[Excerpted records — start]

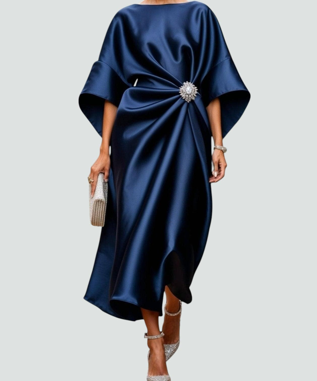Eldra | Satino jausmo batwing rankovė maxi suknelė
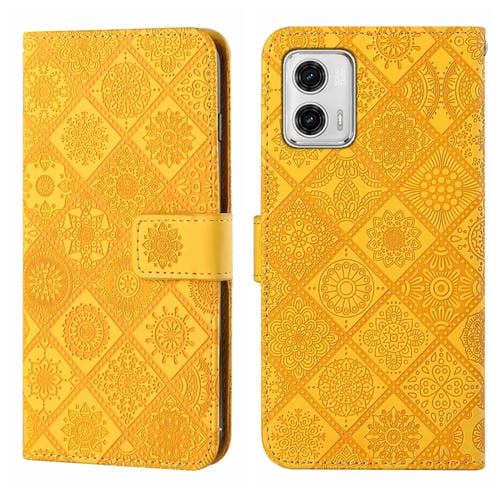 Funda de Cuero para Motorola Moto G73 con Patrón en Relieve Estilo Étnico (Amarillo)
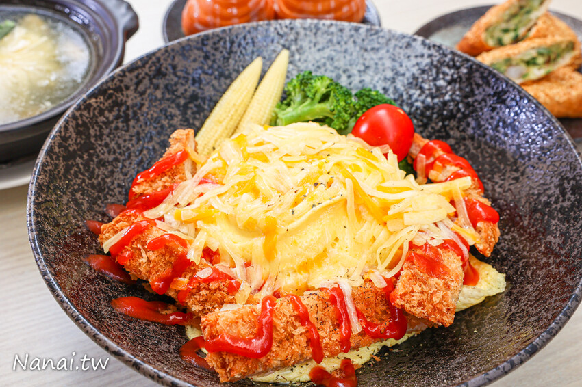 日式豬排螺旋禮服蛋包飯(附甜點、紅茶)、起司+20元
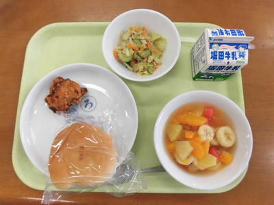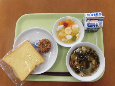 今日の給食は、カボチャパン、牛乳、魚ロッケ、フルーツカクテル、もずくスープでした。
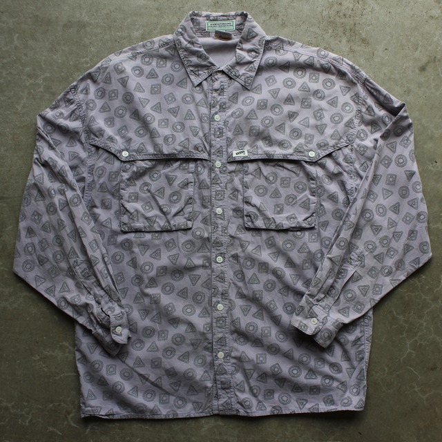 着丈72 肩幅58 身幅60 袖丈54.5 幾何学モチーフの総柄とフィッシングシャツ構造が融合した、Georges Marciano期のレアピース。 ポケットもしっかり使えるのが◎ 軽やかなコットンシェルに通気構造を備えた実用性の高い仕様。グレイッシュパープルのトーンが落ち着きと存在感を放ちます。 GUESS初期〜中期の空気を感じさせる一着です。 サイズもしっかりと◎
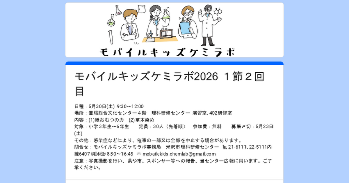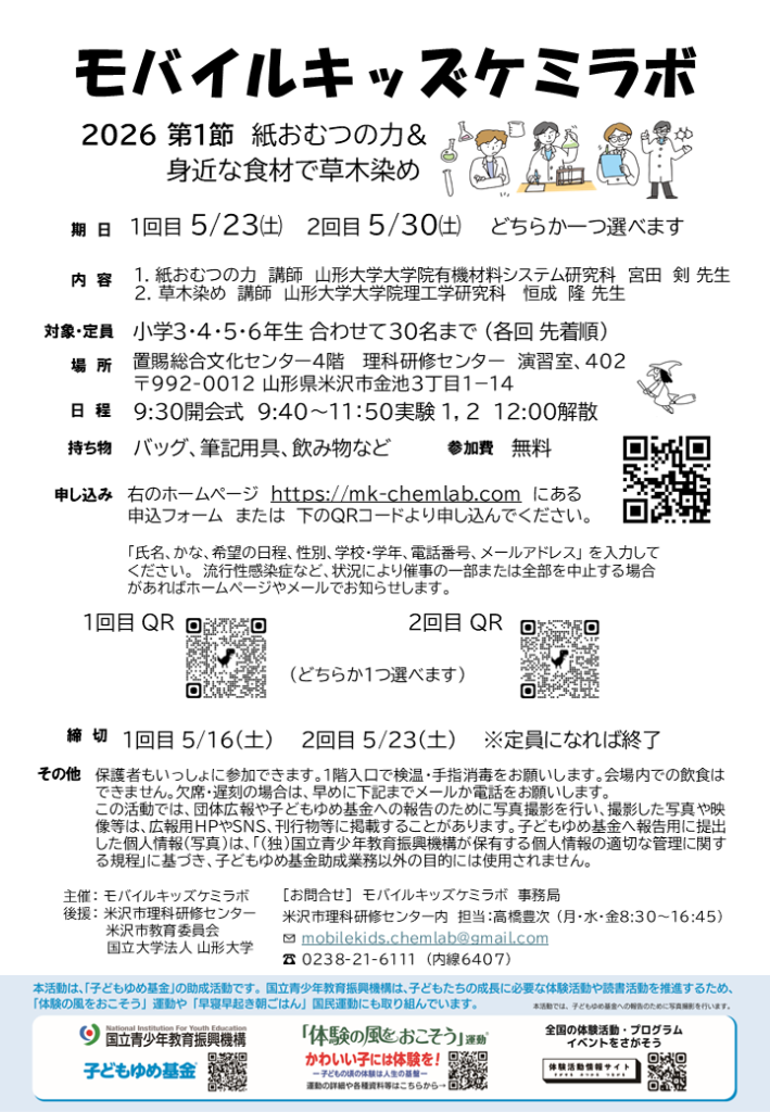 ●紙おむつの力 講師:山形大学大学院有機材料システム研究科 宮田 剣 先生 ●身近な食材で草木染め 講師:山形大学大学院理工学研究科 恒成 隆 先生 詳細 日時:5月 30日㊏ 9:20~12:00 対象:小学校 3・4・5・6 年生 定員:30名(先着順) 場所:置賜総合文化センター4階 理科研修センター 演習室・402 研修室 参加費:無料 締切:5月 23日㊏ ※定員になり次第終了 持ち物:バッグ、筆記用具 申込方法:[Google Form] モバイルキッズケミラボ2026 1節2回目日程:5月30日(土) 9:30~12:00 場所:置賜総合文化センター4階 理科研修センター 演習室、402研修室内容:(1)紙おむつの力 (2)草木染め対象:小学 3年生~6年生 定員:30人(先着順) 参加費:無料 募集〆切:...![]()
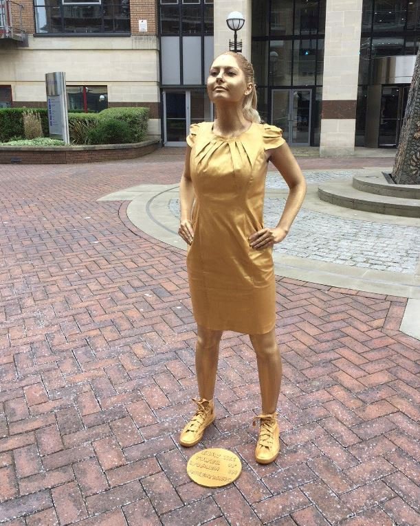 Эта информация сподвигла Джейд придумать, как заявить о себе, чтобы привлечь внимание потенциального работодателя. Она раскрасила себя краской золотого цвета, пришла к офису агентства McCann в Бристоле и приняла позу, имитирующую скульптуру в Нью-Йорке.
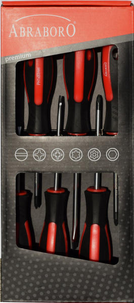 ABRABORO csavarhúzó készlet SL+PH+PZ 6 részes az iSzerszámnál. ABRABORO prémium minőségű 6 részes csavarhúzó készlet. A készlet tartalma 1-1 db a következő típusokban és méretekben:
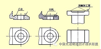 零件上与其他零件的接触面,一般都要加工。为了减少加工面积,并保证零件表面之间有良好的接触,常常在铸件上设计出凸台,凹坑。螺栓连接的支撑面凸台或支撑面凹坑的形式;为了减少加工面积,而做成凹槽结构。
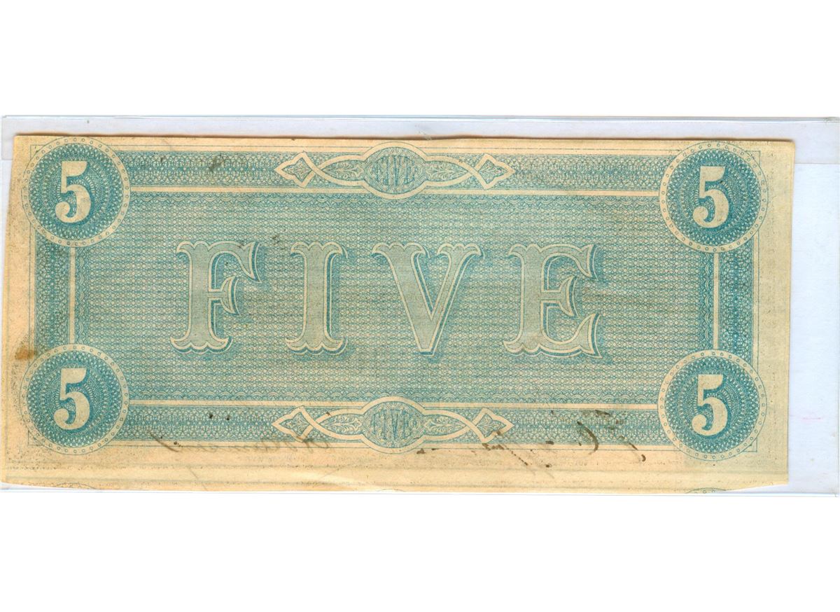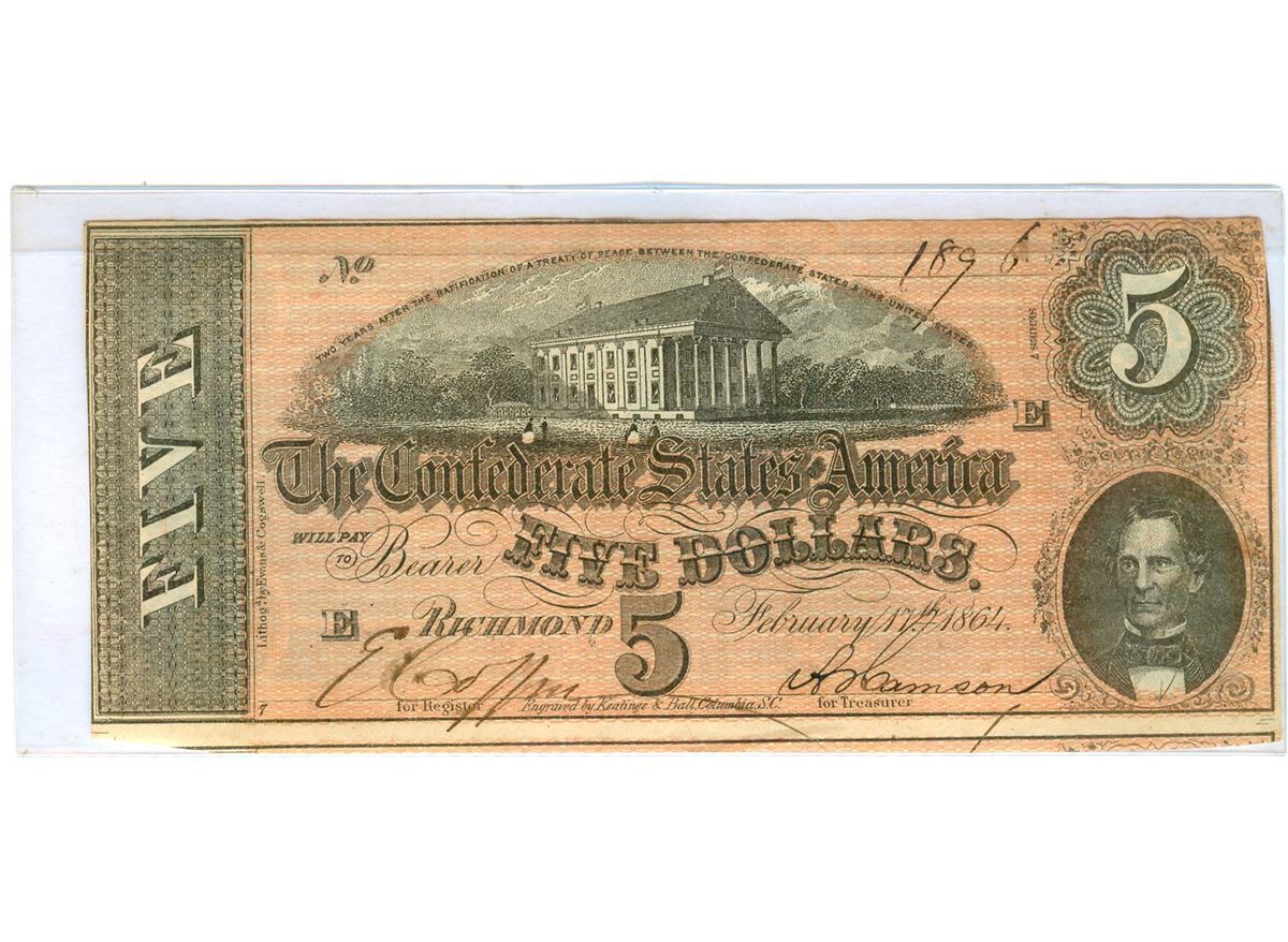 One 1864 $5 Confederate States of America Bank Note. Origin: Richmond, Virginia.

[Excerpted records — finish]
[Excerpted records — start]

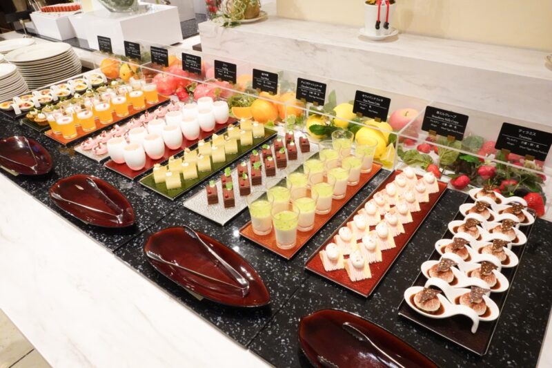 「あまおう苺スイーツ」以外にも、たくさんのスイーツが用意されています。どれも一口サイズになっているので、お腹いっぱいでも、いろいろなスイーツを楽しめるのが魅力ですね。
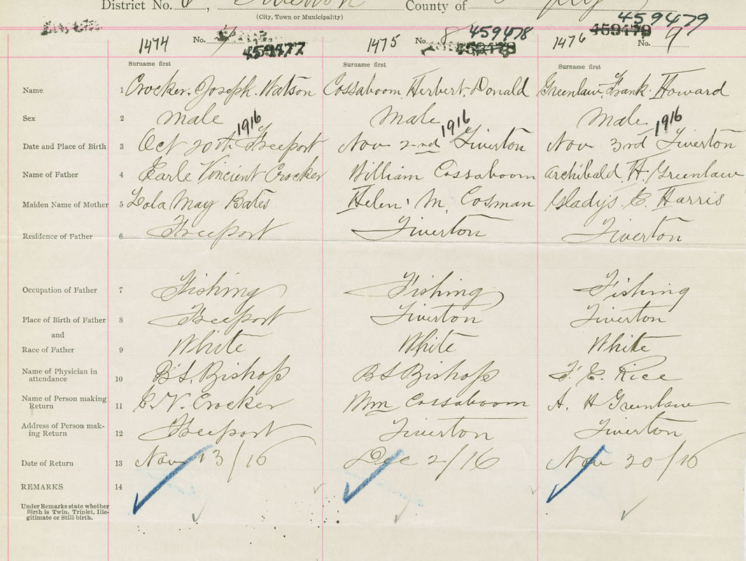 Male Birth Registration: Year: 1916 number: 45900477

[Excerpted records — finish]

§ What the task requires: Above are the records. Copy only the lines from the one with "定員:30人(先着順) 参加費:無料 募集〆切:...![]()" through the one with "Эта информация сподвигла", exactly, with no pictures.

§ Exercise solution:
 ●紙おむつの力 講師:山形大学大学院有機材料システム研究科 宮田 剣 先生 ●身近な食材で草木染め 講師:山形大学大学院理工学研究科 恒成 隆 先生 詳細 日時:5月 30日㊏ 9:20~12:00 対象:小学校 3・4・5・6 年生 定員:30名(先着順) 場所:置賜総合文化センター4階 理科研修センター 演習室・402 研修室 参加費:無料 締切:5月 23日㊏ ※定員になり次第終了 持ち物:バッグ、筆記用具 申込方法:[Google Form] モバイルキッズケミラボ2026 1節2回目日程:5月30日(土) 9:30~12:00 場所:置賜総合文化センター4階 理科研修センター 演習室、402研修室内容:(1)紙おむつの力 (2)草木染め対象:小学 3年生~6年生 定員:30人(先着順) 参加費:無料 募集〆切:...![]()
 Эта информация сподвигла Джейд придумать, как заявить о себе, чтобы привлечь внимание потенциального работодателя. Она раскрасила себя краской золотого цвета, пришла к офису агентства McCann в Бристоле и приняла позу, имитирующую скульптуру в Нью-Йорке.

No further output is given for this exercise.